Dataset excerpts
----
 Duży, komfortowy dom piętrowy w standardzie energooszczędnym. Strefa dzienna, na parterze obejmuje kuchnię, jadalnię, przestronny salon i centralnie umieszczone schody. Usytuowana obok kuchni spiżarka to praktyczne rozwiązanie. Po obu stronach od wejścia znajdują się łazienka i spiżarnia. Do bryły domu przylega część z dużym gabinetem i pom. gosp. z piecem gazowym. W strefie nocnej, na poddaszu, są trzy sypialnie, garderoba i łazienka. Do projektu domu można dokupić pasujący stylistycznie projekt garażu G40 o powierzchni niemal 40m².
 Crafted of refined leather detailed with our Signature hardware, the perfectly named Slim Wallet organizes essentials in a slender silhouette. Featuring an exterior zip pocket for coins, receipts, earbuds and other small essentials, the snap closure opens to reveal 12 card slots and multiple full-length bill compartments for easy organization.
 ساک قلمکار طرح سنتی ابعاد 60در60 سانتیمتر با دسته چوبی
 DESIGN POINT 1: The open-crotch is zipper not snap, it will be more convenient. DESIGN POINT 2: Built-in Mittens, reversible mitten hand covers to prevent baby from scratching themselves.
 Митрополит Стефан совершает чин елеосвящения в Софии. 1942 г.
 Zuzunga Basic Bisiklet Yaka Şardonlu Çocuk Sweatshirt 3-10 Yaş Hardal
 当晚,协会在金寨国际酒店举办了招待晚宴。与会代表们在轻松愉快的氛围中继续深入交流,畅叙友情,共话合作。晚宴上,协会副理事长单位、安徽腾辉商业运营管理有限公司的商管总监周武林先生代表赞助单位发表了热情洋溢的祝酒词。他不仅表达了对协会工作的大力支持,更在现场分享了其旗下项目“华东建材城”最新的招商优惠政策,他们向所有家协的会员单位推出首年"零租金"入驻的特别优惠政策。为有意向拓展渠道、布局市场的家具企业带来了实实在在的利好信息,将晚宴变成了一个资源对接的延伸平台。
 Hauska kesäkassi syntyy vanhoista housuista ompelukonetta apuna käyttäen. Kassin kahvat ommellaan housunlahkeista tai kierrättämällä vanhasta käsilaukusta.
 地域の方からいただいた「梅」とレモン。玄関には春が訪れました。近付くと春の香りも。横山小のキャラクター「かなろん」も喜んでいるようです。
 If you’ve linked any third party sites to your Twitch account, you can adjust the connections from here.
----
> _What you will do_: Verbatim reproduction is required for the line holding "Zuzunga Basic Bisiklet" and for every line after it in the records, with no other line included.

> _Exercise result_:
 Zuzunga Basic Bisiklet Yaka Şardonlu Çocuk Sweatshirt 3-10 Yaş Hardal
 当晚,协会在金寨国际酒店举办了招待晚宴。与会代表们在轻松愉快的氛围中继续深入交流,畅叙友情,共话合作。晚宴上,协会副理事长单位、安徽腾辉商业运营管理有限公司的商管总监周武林先生代表赞助单位发表了热情洋溢的祝酒词。他不仅表达了对协会工作的大力支持,更在现场分享了其旗下项目“华东建材城”最新的招商优惠政策,他们向所有家协的会员单位推出首年"零租金"入驻的特别优惠政策。为有意向拓展渠道、布局市场的家具企业带来了实实在在的利好信息,将晚宴变成了一个资源对接的延伸平台。
 Hauska kesäkassi syntyy vanhoista housuista ompelukonetta apuna käyttäen. Kassin kahvat ommellaan housunlahkeista tai kierrättämällä vanhasta käsilaukusta.
 地域の方からいただいた「梅」とレモン。玄関には春が訪れました。近付くと春の香りも。横山小のキャラクター「かなろん」も喜んでいるようです。
 If you’ve linked any third party sites to your Twitch account, you can adjust the connections from here.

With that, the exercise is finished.